Dass es derzeit kaum einen Dirigenten gibt, der es besser versteht, vokale und instrumentale Stimmen zu einem organischen Ganzen zu verbinden als Philippe Herreweghe, belegte seine Aufführung der c-Moll-Messe Mozarts in Berlin. Er hat das Werk in letzter Zeit mehrfach mit „seinem“ Collegium Vocale Gent, aber mit unterschiedlichen Orchestern aufgeführt. Mit dem Rundfunk-Sinfonieorchester Berlin musizierte er nun die Fassung Robbins Landons, in der alle später eingefügten Ergänzungen dieses Fragments gestrichen sind.
Noch bevor im Kyrie das Collegium Vocale Gent einsetzte, flehte das Orchester eindringlich um Erbarmen. Dann meißelte der Chor sein „Kyrie eleison“ regelrecht in die Kirchenfassade ein. Katharina Konradi, die noch mehrfach Glanzpunkte in dieser Aufführung setzen sollte, ließ im „Christe eleison“ nicht allein innige Töne zu Gehör kommen, sondern ein Licht in die bis dahin so dunkel verschattete Musik strahlen.
Mit Jubel setzte das Gloria ein. Das Collegium Vocale Gent entfaltete seine ganze Pracht und Vielfalt, sang dabei immer lebendig und vermied auch in den monumentalen Abschnitten alle gewaltsame Übertreibung. Herb im Ton geriet das kurze und markige Gratias, stets gehorchte die Intonation dem Rhythmus der Sprache und dem Sinn des Textes. Im doppelchörigen Qui tollis setzten die Sänger und Sängerinnen zunächst schwere Akzente und klagten später, angeführt vom ersten Sopran, das „miserere“ im piano mit synkopischen Verschiebungen. Dabei gelang es, den schutzlos ausgelieferten Einzelnen innerhalb des Kollektivs um göttlichen Trost bitten zu lassen.
Archaisch, in Pfundnoten, erhob sich das Fugenthema im Cum Sancto spritu, das später im Eintonabstand enggeführt wurde. Auch hier vermochte das Collegium Vocale Gent, wie durchweg in der Aufführung, das Fortissimo vom Forte zu trennen.

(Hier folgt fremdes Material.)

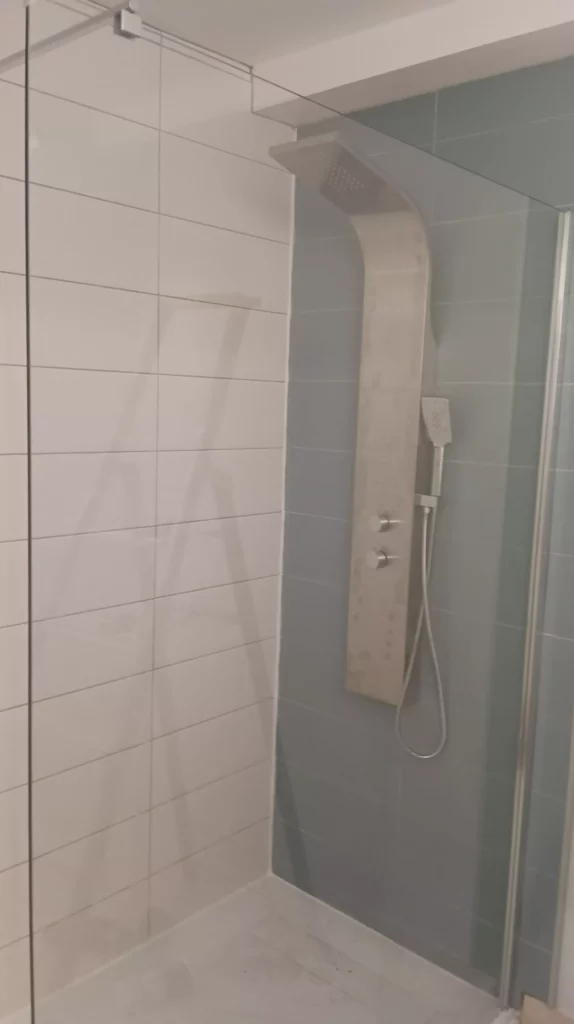 Correspond à ce que j’attendais. Surprise toutefois de ne pas avoir un système de « jointage au sol » mais finalement cela évite de la moisissure et l’eau ne devrait pas passer dessous; surpris également de ne pas avoir de petite butée de maintien au sol en bout de vitre ? Le haut est-il suffisant? À voir avec l’usage.

In den arienhaften Sätzen des Glorias standen die Solisten und Solistinnen im Zentrum. Im Laudamus te entfaltete Eva Zaïcik ihre koloraturhaften Triller und Läufe in einem farbigen Timbre. Im Duett Domine Deus traten die Streicher des rsb zu den beiden Solistinnen hinzu und artikulierten schließlich in schöner Phrasierung aus den anfänglich eingestreuten Imitationen einen Doppelkanon. Niemand dürfte hier eine gelehrsame Barockisierung Mozarts vernommen haben, sondern dessen Aneignung älterer Komponierweisen.